Baphomet: dos Templários a Eliphas Levi

Poucas figuras no imaginário ocidental provocam tanto fascínio e repulsa quanto o Baphomet. Para uns, é a representação máxima do demônio; para outros, um complexo símbolo filosófico da alquimia e do equilíbrio dos opostos. A origem de sua imagem, que conhecemos hoje com corpo andrógino, cabeça de bode, seios femininos e braços com as palavras "Solve" e "Coagula", é bastante clara: foi criada pelo ocultista francês Éliphas Levi no século XIX. No entanto, a história por trás dessa figura e suas conexões são frequentemente envoltas em confusão e desinformação.

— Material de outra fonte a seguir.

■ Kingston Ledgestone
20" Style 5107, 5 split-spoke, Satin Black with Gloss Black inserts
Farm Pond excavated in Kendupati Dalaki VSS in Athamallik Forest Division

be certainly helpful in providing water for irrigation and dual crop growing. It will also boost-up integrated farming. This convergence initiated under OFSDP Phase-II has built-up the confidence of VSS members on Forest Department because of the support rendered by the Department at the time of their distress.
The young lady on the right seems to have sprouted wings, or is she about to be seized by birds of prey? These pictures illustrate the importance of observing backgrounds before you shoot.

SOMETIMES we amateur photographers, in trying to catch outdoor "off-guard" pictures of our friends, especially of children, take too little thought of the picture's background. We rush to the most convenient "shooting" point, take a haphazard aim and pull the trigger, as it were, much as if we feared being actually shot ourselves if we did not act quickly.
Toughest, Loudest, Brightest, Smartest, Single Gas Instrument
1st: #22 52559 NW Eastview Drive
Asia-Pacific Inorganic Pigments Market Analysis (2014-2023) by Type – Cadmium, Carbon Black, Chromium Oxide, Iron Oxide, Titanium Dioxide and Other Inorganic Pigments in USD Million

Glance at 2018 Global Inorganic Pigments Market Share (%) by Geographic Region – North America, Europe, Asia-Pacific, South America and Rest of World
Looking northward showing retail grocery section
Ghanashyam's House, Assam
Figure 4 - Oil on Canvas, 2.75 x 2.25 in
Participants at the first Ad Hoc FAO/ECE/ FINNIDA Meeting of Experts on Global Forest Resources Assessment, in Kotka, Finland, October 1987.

Este artigo busca elucidar a verdadeira origem do Baphomet, seu profundo significado filosófico na obra de Levi e, crucialmente, esclarecer sua relação com a Maçonaria, uma associação fruto de uma das maiores farsas antimaçônicas da história.

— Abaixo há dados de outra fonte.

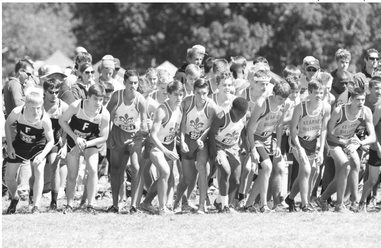
Betwixt Farnington and Kearney, the SLUH varsity racers ready themselves before the Forest Park XC Festival begins.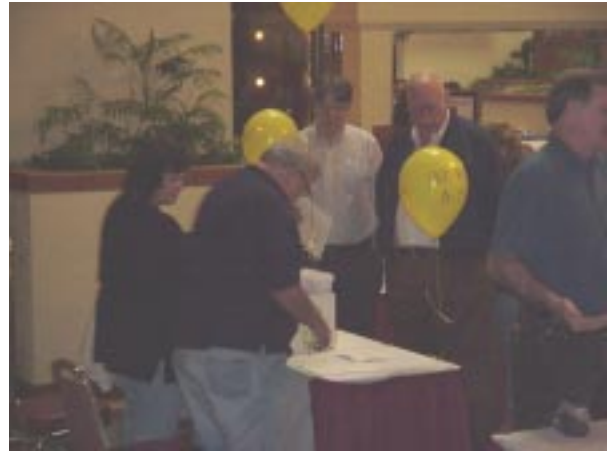
K6KAY & K6DB Doing Duty at Pre-Reg Pick Up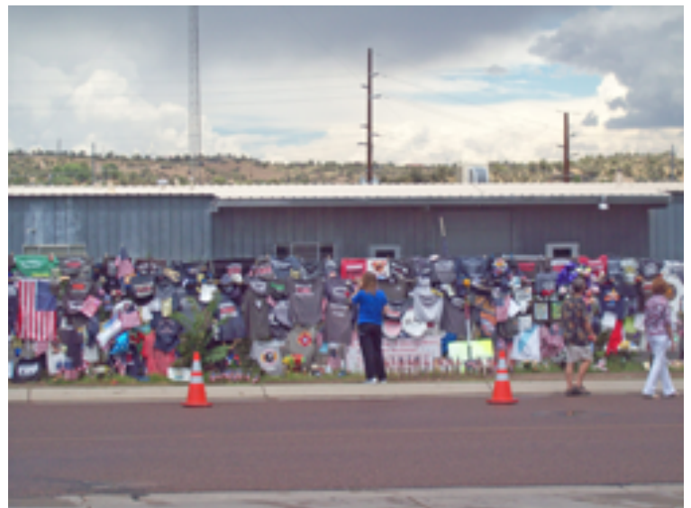
The first stop was at the spontaneous memorial in Prescott that memorializes the nineteen fallen Yarnell Hill firefighters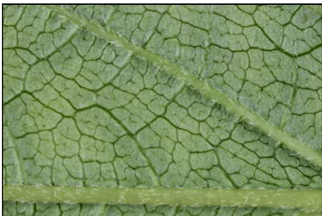
Leaf: Lower Surface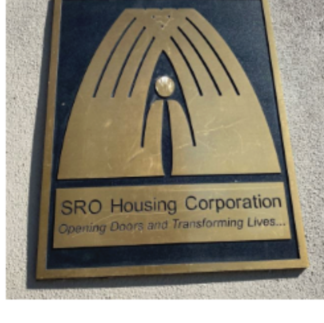
SRO Housing Corporation https://www.srohousing.org/sro-community-development.htm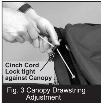
Fig. 3 Canopy Drawstring Adjustment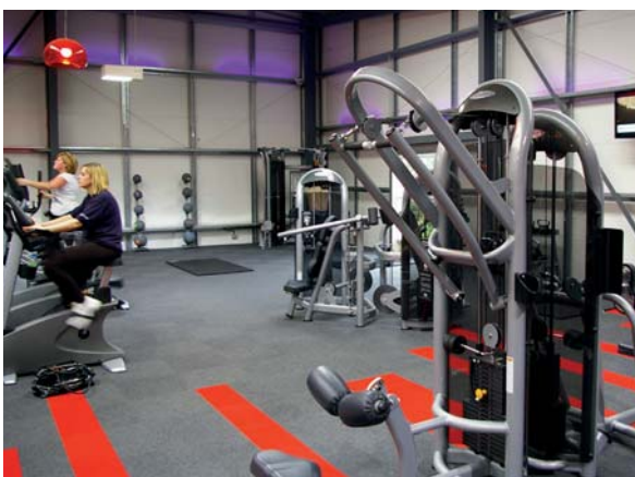
West Sussex is one of the areas to be selected as an ‘early implementer’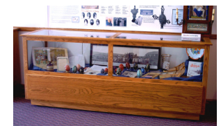
Display cabinet at Česka Radnice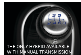
THE ONLY HYBRID AVAILABLE WITH MANUAL TRANSMISSION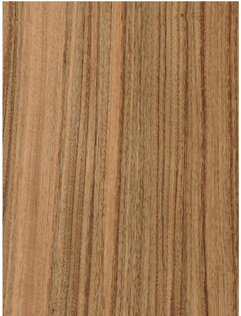
ABOVE: QUARTERED PLAIN AUSTRALIAN WALNUT. BELOW LEFT: AUSTRALIAN WALNUT IN A SLIP MATCH. BELOW RIGHT: AUSTRALIAN WALNUT IN A BOOK MATCH.

Visit our website today for this and more species in our extensive veneer library. Contact us to receive a live sample, panel, or ask any other questions you may have on your project. (616) 698-6450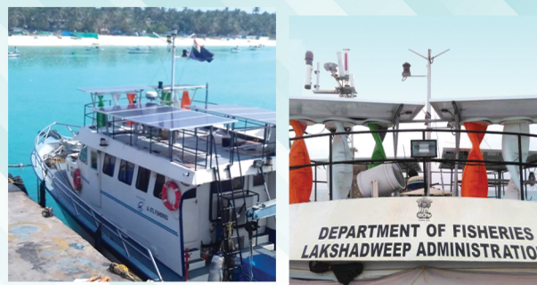
Solar Wind Hybrid plants at Kavaratti, Lakshadweep on MFV BlueFin & fishing boats

NIRDPR is promoting a hybrid system, i.e., solar-wind mill based on distributed renewable energy system, optimised for on and off-grid installations. In collaboration with the National Fisheries Development Board (NFDB), Hyderabad. The technology is being transferred and promoted for the development of the fisheries sector and has been installed at NFFBB, Bhubneswar, Chandil Dam, Jharkhand and Kavaratti, Lakshadweep.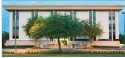
Center for Rehabilitative Medicine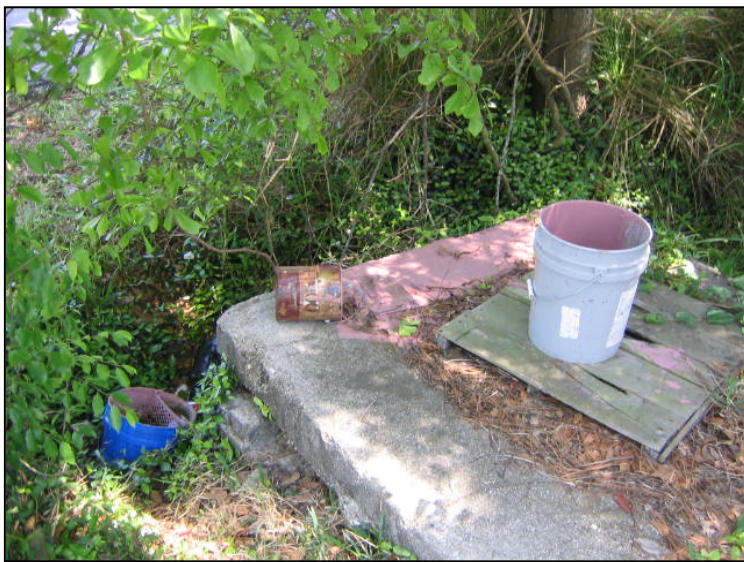
Figure 4: Paint dumped along the Montlimar Canal Greenway

The City of Mobile has failed to promote the Montlimar Canal Greenway because of a lack of funding (Pickett 2005). In order for the greenway to be successful the city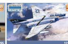
USN F-4J VF-84 "JOLLY ROGERS" Accurately reproduction of F-4J type served during Vietnam War by U.S. Navy. For your statements of air-to-air and air-to-ground combat. Reproductions of typical low and heavy tail of J-type.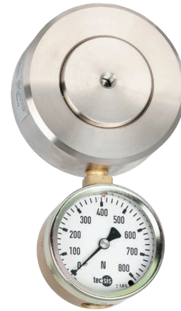
Hydraulic compression force transducer, model F1115

The force is measured using the principle of hydraulics: The force acting on a piston leads to a pressure increase that can be visualised on a connected display instrument. The scale of the display instrument can be defined in various units (e.g. N, kN, kg, t).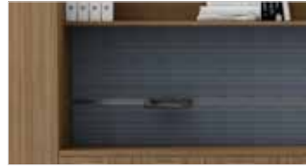
Specify fabric and/or dry erase work walls with a range of accessories and trays.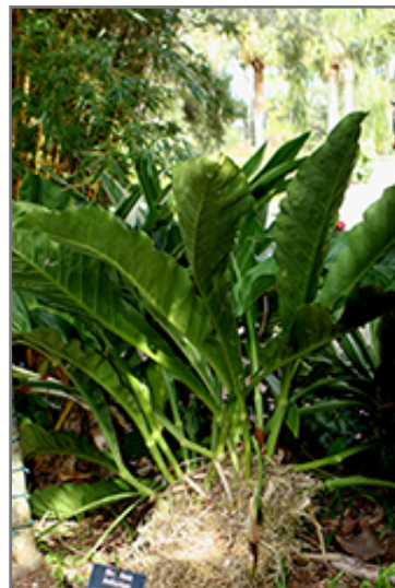
Birds Nest Anthurium

When grown indoors, Birds Nest Anthurium can be expected to grow to be about 24 inches tall at maturity, with a spread of 3 feet. It grows at a medium rate, and under ideal conditions can be expected to live for approximately 5 years. This houseplant performs well in both bright or indirect sunlight and strong artificial light, and can therefore be situated in almost any well-lit room or location. It does best in average to evenly moist soil, but will not tolerate standing water. The surface of the soil shouldn't be allowed to dry out completely, and so you should expect to water this plant once and possibly even twice each week. Be aware that your particular watering schedule may vary depending on its location in the room, the pot size, plant size and other conditions; if in doubt, ask one of our experts in the store for advice. It will benefit from a regular feeding with a general-purpose fertilizer with every second or third watering. It is not particular as to soil type, but has a definite preference for acidic soil. Contact the store for specific recommendations on pre-mixed potting soil for this plant. Be warned that parts of this plant are known to be toxic to humans and animals, so special care should be exercised if growing it around children and pets.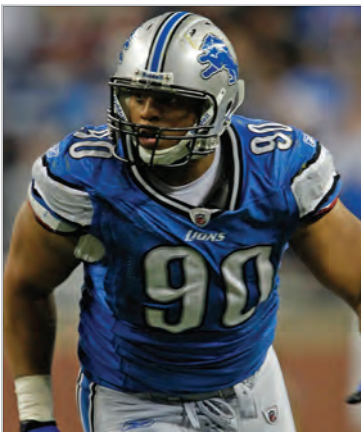
Ndamukong Suh, DL

1. A Origem Medieval e a Conexão com os Templários
O nome Baphomet aparece pela primeira vez na história durante os julgamentos dos Cavaleiros Templários no início do século XIV. O rei Filipe IV da França, endividado com a poderosa ordem militar, e o Papa Clemente V, desejando minar sua autoridade, prenderam, torturaram e condenaram os templários sob acusações de heresia, sodomia e idolatria (Britannica, 2019). Nessas transcrições da Inquisição, surgia a alegação de que os cavaleiros adoravam um ídolo pagão chamado Baphomet. No entanto, não há nenhuma descrição consistente desse suposto ídolo nos documentos da época; acreditam estudiosos que "Baphomet" pode ter sido uma corrupção da palavra "Maomé" (Muhammad), usada para acusar os templários de cripto-islâmicos ou de práticas heréticas (Kruger, 1999; Nicolotti, 2017).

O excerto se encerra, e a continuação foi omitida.